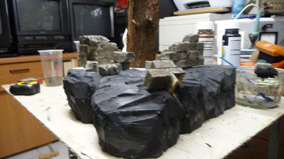 Wieder die ĂŒbliche Vorgehensweise. Styrodur mit Teppichmesser bearbeitet, schwarz grundiert, grau trockengebĂŒrstet. Ich denke aber, wenigstens einmal sollte ich noch darĂŒber gehen. Auf dem Bild glĂ€nzt alles noch sehr frisch. Abwarten.
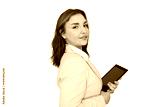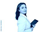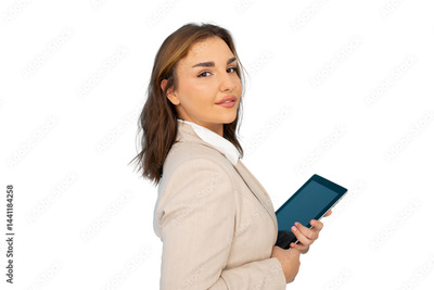 Confident businesswoman holding digital tablet looking over shoulder on transparent background
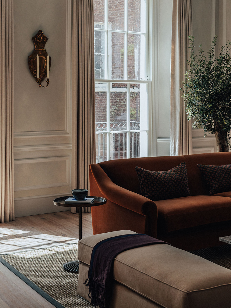 The debut apartment, comprising two bedrooms over 185 sq m, balances history with the elegance of a modern boutique hotel, layering velvet, honed marble, antique brass and linen against a calm tonal palette with ceiling heights reaching a lofty 3.1m. As a bonus, they offer rare dual-aspect views towards Green Park and Hyde Park.
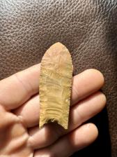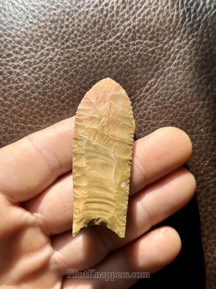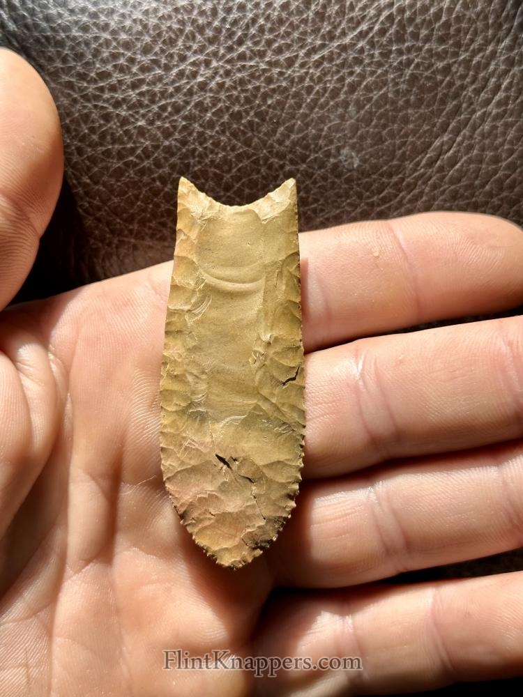 An amazing piece from material to style. Looks like an amazing day spent arrowhead hunting in fields with a loved one. Dad and I would have gone nuts if one of us found something like this. Hence what got me started knapping in the beginning. Beautiful dove replica |
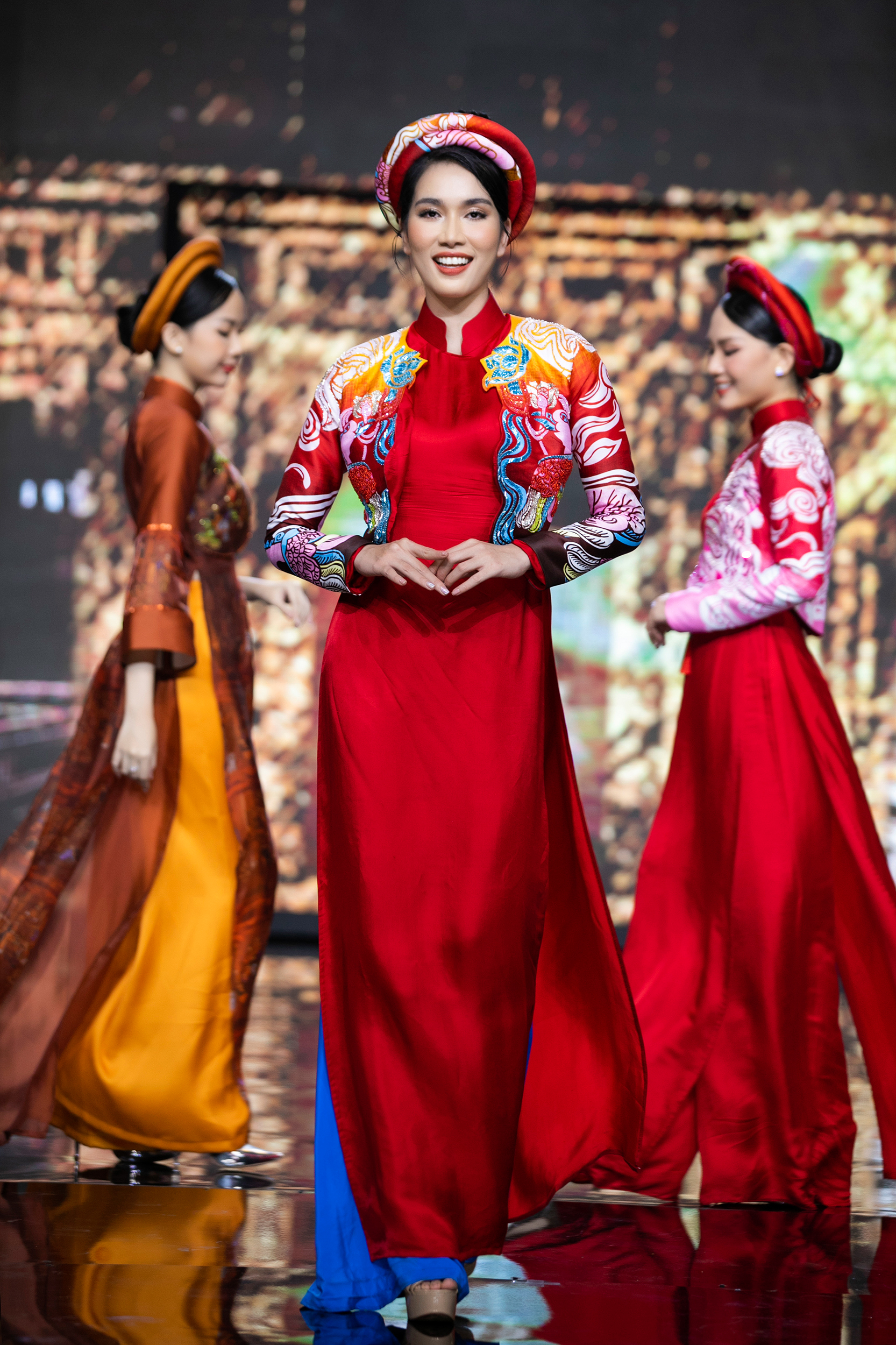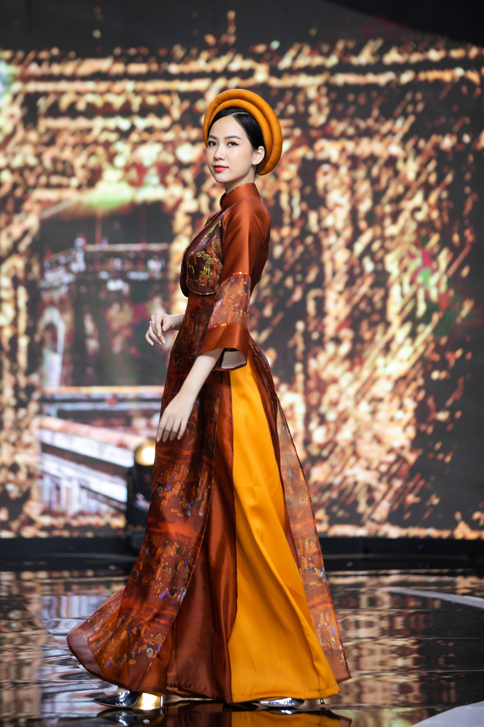 Không những vậy, NTK La Sen Vũ lựa chọn những gam màu nóng cho các thiết kế lần này như đỏ, nâu đất, hồng, vàng đất. Đây không chỉ là tông màu chính của giấy vẽ trong dòng tranh Kim Hoàng, mà còn là sắc màu nhuộm kín không gian ngày Tết ở Việt Nam. Với mong muốn nâng tầm sự hòa quyện nghệ thuật hoài cổ và đương đại, NTK La Sen Vũ đã tinh tế kết hợp phom áo dài truyền thống với những điểm nhấn nhẹ như tay loe, tay bồng,… và áo khoác lửng sở hữu họa tiết đính kết nổi bật.
_ _ _ _ _
In your copy, include no pictures, but reproduce all records exactly.

 Wieder die ĂŒbliche Vorgehensweise. Styrodur mit Teppichmesser bearbeitet, schwarz grundiert, grau trockengebĂŒrstet. Ich denke aber, wenigstens einmal sollte ich noch darĂŒber gehen. Auf dem Bild glĂ€nzt alles noch sehr frisch. Abwarten.
 Confident businesswoman holding digital tablet looking over shoulder on transparent background
 The debut apartment, comprising two bedrooms over 185 sq m, balances history with the elegance of a modern boutique hotel, layering velvet, honed marble, antique brass and linen against a calm tonal palette with ceiling heights reaching a lofty 3.1m. As a bonus, they offer rare dual-aspect views towards Green Park and Hyde Park.
 An amazing piece from material to style. Looks like an amazing day spent arrowhead hunting in fields with a loved one. Dad and I would have gone nuts if one of us found something like this. Hence what got me started knapping in the beginning. Beautiful dove replica |
 Không những vậy, NTK La Sen Vũ lựa chọn những gam màu nóng cho các thiết kế lần này như đỏ, nâu đất, hồng, vàng đất. Đây không chỉ là tông màu chính của giấy vẽ trong dòng tranh Kim Hoàng, mà còn là sắc màu nhuộm kín không gian ngày Tết ở Việt Nam. Với mong muốn nâng tầm sự hòa quyện nghệ thuật hoài cổ và đương đại, NTK La Sen Vũ đã tinh tế kết hợp phom áo dài truyền thống với những điểm nhấn nhẹ như tay loe, tay bồng,… và áo khoác lửng sở hữu họa tiết đính kết nổi bật.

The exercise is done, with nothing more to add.